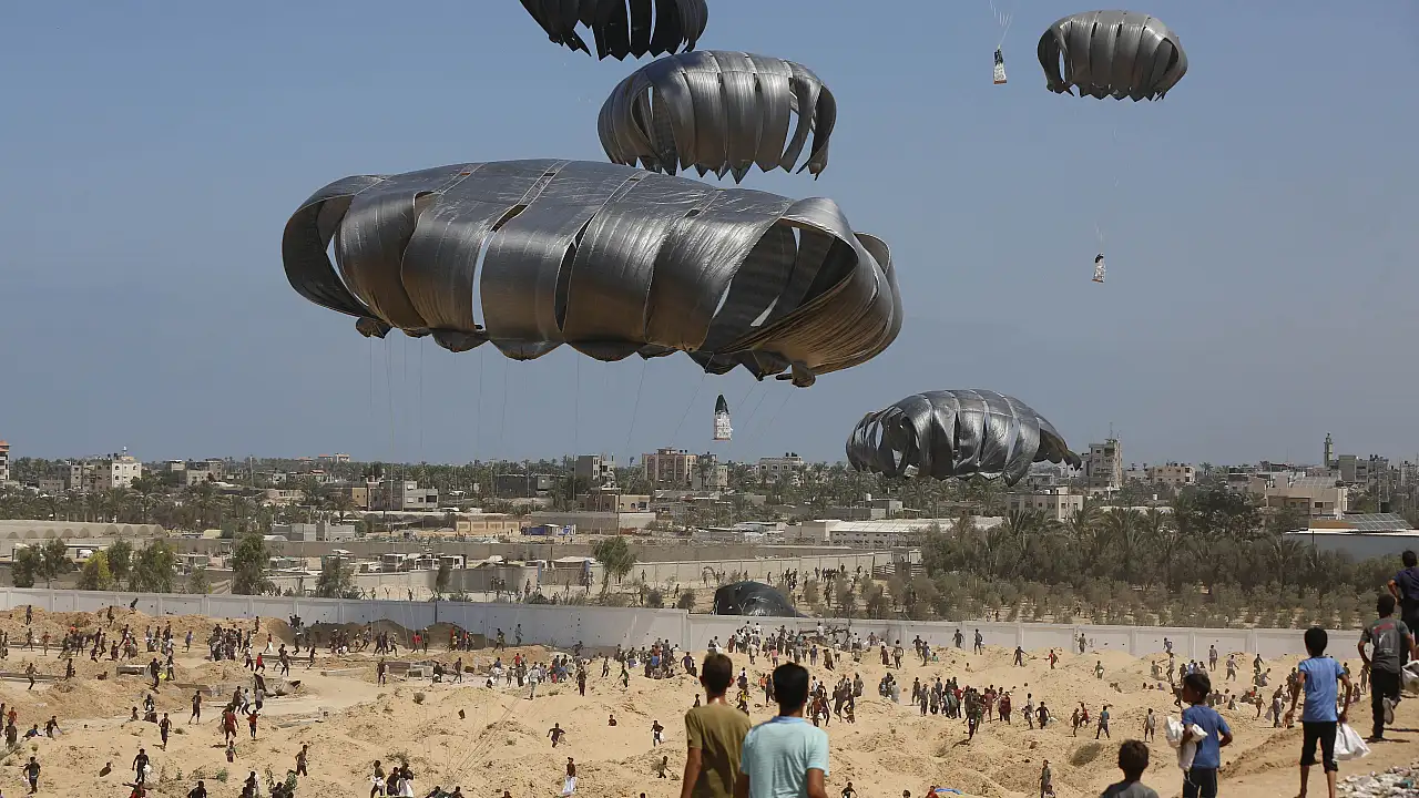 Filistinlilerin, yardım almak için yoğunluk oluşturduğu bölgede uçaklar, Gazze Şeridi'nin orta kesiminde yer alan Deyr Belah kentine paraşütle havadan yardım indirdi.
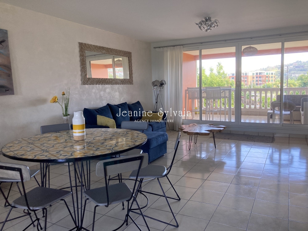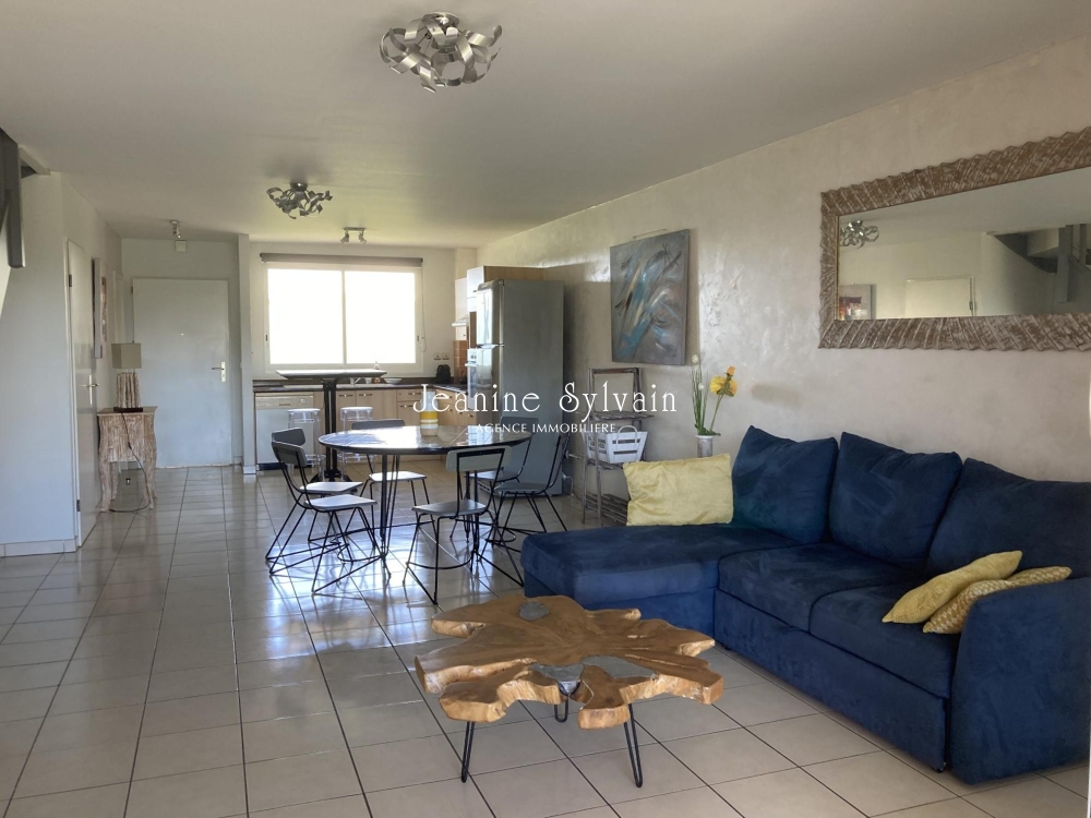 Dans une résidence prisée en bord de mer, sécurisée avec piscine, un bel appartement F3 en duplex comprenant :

---

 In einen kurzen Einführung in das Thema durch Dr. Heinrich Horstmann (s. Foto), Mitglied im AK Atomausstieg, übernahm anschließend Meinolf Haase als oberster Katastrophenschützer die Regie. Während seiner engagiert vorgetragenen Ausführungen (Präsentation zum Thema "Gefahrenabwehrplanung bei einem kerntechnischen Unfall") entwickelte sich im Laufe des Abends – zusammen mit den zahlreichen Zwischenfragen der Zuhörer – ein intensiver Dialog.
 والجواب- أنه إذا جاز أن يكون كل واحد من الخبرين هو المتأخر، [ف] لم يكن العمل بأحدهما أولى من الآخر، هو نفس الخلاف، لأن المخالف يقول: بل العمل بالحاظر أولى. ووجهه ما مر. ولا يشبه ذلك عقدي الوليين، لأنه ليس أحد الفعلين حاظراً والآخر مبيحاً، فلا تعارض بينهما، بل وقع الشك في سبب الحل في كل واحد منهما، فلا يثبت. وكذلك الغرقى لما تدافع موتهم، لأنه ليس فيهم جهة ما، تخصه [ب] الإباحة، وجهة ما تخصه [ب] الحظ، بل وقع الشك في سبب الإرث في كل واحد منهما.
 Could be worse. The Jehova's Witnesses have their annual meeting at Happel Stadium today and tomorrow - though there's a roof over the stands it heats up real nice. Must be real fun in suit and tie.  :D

==

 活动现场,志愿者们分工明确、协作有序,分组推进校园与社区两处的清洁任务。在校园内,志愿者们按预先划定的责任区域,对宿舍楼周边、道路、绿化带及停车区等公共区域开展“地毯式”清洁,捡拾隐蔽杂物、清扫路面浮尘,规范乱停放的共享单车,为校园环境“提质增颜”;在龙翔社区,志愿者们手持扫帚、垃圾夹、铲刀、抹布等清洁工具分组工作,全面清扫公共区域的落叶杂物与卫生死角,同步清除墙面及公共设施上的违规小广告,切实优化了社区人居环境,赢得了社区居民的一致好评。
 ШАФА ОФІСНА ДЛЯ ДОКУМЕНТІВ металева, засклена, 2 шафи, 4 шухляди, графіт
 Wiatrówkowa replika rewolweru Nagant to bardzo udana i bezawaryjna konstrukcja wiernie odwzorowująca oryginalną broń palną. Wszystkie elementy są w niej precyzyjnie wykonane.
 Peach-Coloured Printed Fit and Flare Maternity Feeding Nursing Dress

### Work request
Copy out each line of the data above, exactly, if it lies between the line holding "In einen kurzen" and the line holding "والجواب- أنه إذا", inclusive; copy no other line.

### Exercise output
 In einen kurzen Einführung in das Thema durch Dr. Heinrich Horstmann (s. Foto), Mitglied im AK Atomausstieg, übernahm anschließend Meinolf Haase als oberster Katastrophenschützer die Regie. Während seiner engagiert vorgetragenen Ausführungen (Präsentation zum Thema "Gefahrenabwehrplanung bei einem kerntechnischen Unfall") entwickelte sich im Laufe des Abends – zusammen mit den zahlreichen Zwischenfragen der Zuhörer – ein intensiver Dialog.
 والجواب- أنه إذا جاز أن يكون كل واحد من الخبرين هو المتأخر، [ف] لم يكن العمل بأحدهما أولى من الآخر، هو نفس الخلاف، لأن المخالف يقول: بل العمل بالحاظر أولى. ووجهه ما مر. ولا يشبه ذلك عقدي الوليين، لأنه ليس أحد الفعلين حاظراً والآخر مبيحاً، فلا تعارض بينهما، بل وقع الشك في سبب الحل في كل واحد منهما، فلا يثبت. وكذلك الغرقى لما تدافع موتهم، لأنه ليس فيهم جهة ما، تخصه [ب] الإباحة، وجهة ما تخصه [ب] الحظ، بل وقع الشك في سبب الإرث في كل واحد منهما.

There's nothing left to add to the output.